Rand drops 1% after GDP shock

The rand tumbled more than one percent on Tuesday after data showed the economy contracted sharply in the second quarter due to coronavirus restrictions, rattling already fragile investor sentiment and upping expectations of reforms.

At 1430 GMT, the rand was down 1.3% at R16.97 per dollar, most of the losses coming after statistics showed Africa’s most advanced economy shrank 51% in the second quarter, its fourth consecutive quarterly contraction.

“The GDP print might be a good incentive for the South African authorities to continue to push on with the well-needed reforms,” said Vladimir Demishev, a senior fixed income specialist at Sova Capital.

The economic slowdown was broad-based. Mining declined 73.1%, manufacturing fell 74.9% and construction shrank 76.6%.

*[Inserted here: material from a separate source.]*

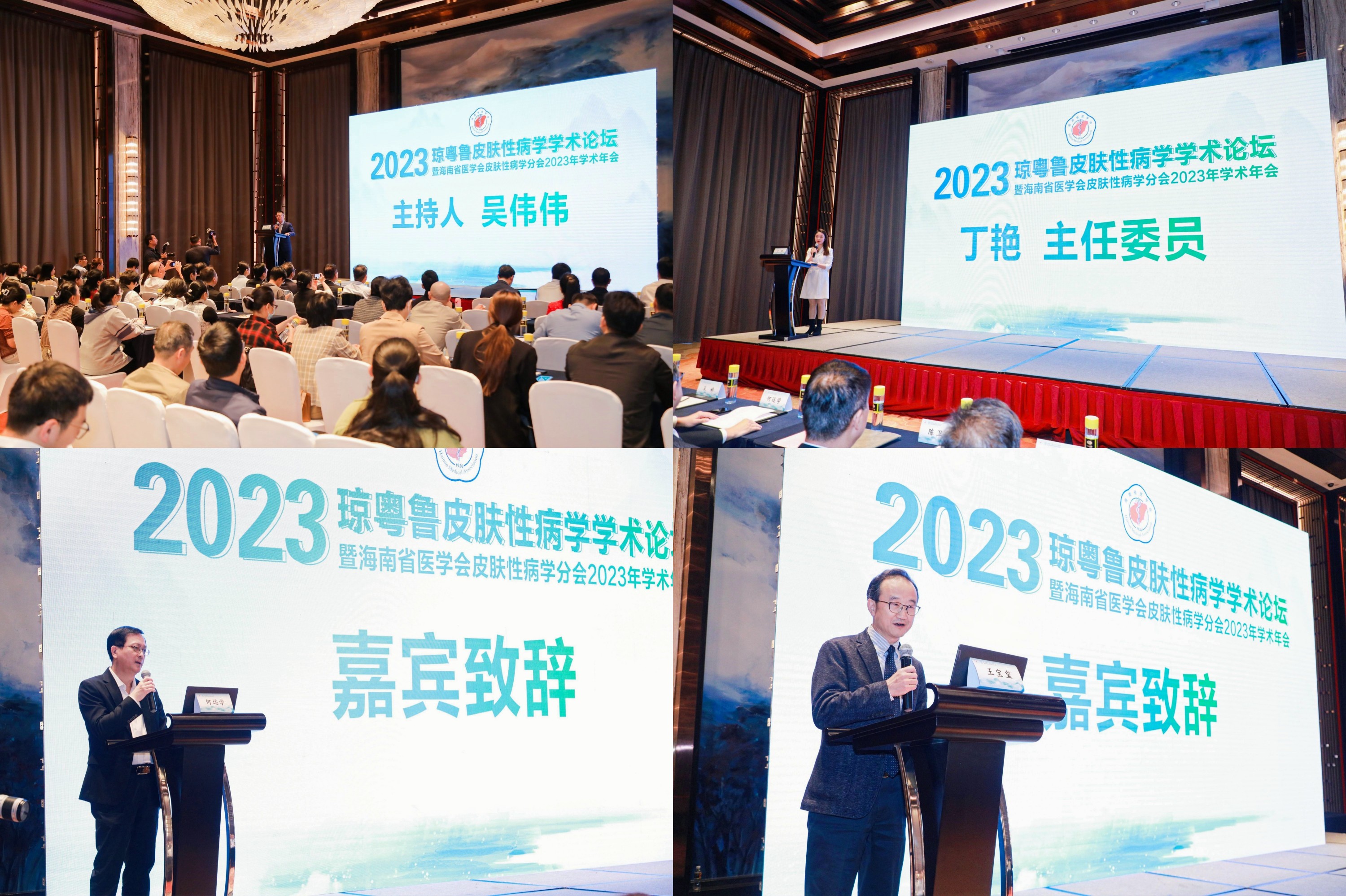 大会于11月18日早上9点正式开幕,开幕式由海南省第五人民医院副院长吴伟伟主持。海南省医学会皮肤性病学分会主任委员丁艳上台发言,对各位皮肤科同道与所有参会人员的到来表示热烈欢迎并预祝大会圆满成功。随后,海南省医学会副会长兼秘书长何远学、中国医学科学院整形外科医院党委书记王宝玺分别为大会做精彩致辞。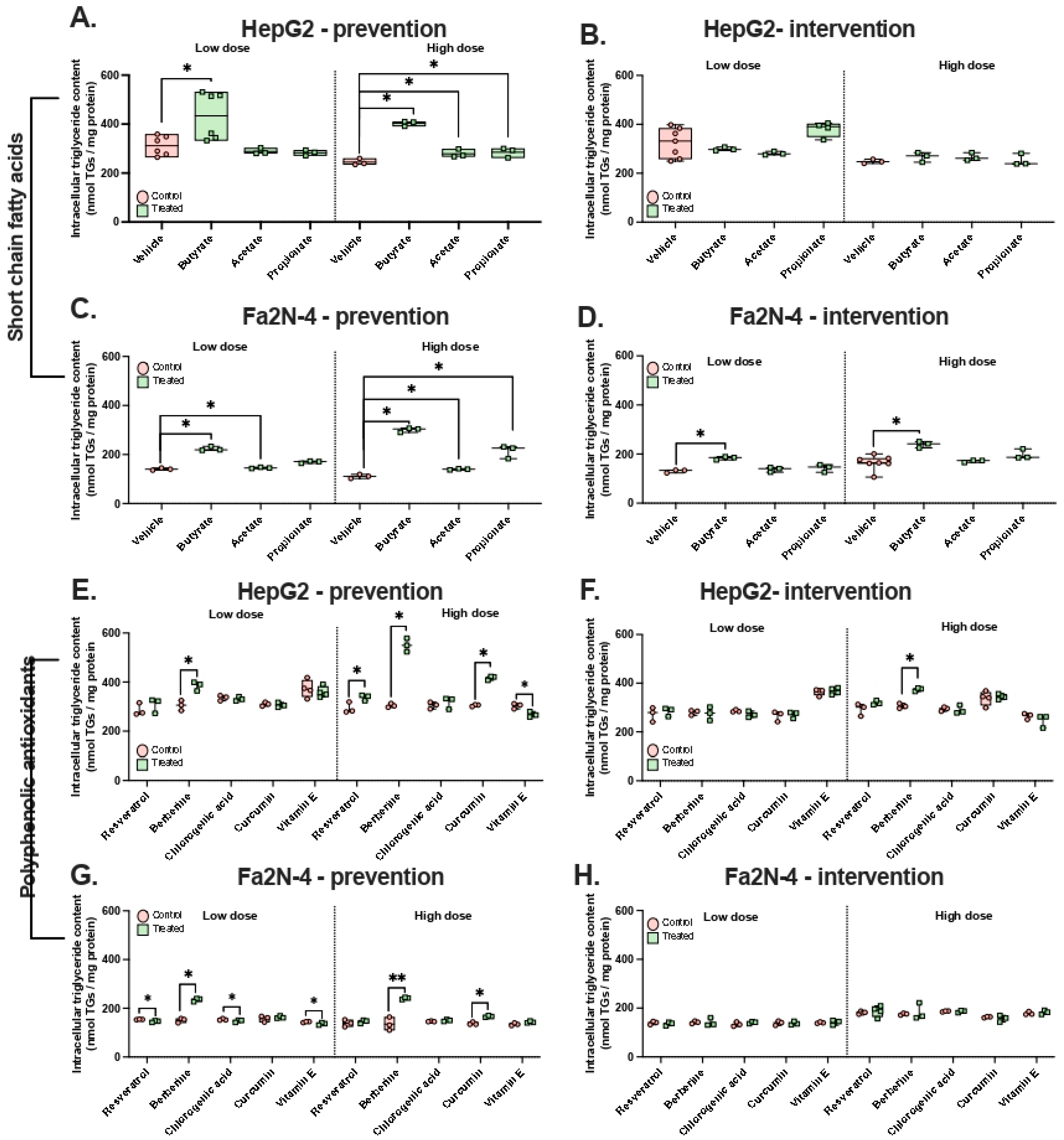 | HepG2 cultured in RPMI 1640 (5.5 mM, 1 g/L glucose), partial serum-starvation (2%) for 6 h and treated with 2 mM valproate (anti-epileptic drug) for 48 h | Pre-treatment for 1 h with 0.5 or 1 mM butyrate | Antioxidant assay (DCFH), lipid peroxidation (malondialdehyde concentration), Western blot, neutral lipid staining (Oil Red O), mitochondrial function (SOD, CPT, aconitase activity), cellular oxygen consumption (Seahorse) | [31] | ||

“Of far greater concern is the fact that South Africa was already battling a recession before the pandemic hit, meaning that the virus may finally have tipped the economy over the edge into a depression,” said Maarten Ackerman, chief economist at Citadel.

It was the first time in the history of the data that growth had shrunk for four consecutive quarters, according to the stats agency.

Bonds also suffered, with the demand falling at the government auction of long-dated bonds earlier. At 1430 GMT the yield on the 2030 bond was up 5 baiss points to 9.265%.

Stocks were flat, with the benchmark FTSE/JSE all share index was up 0.1% to 54,450 points, while the top 40 companies index inched up 0.08% to 50,223 points at close of trading hours.

Supermarket chain Shoprite was among the big climbers on the day, with its share price up 10.6% to R128.72 after it reported record sales of R156.9 billion up 6.4% for the year ended June 28, with like-for-like sales up 4.4%.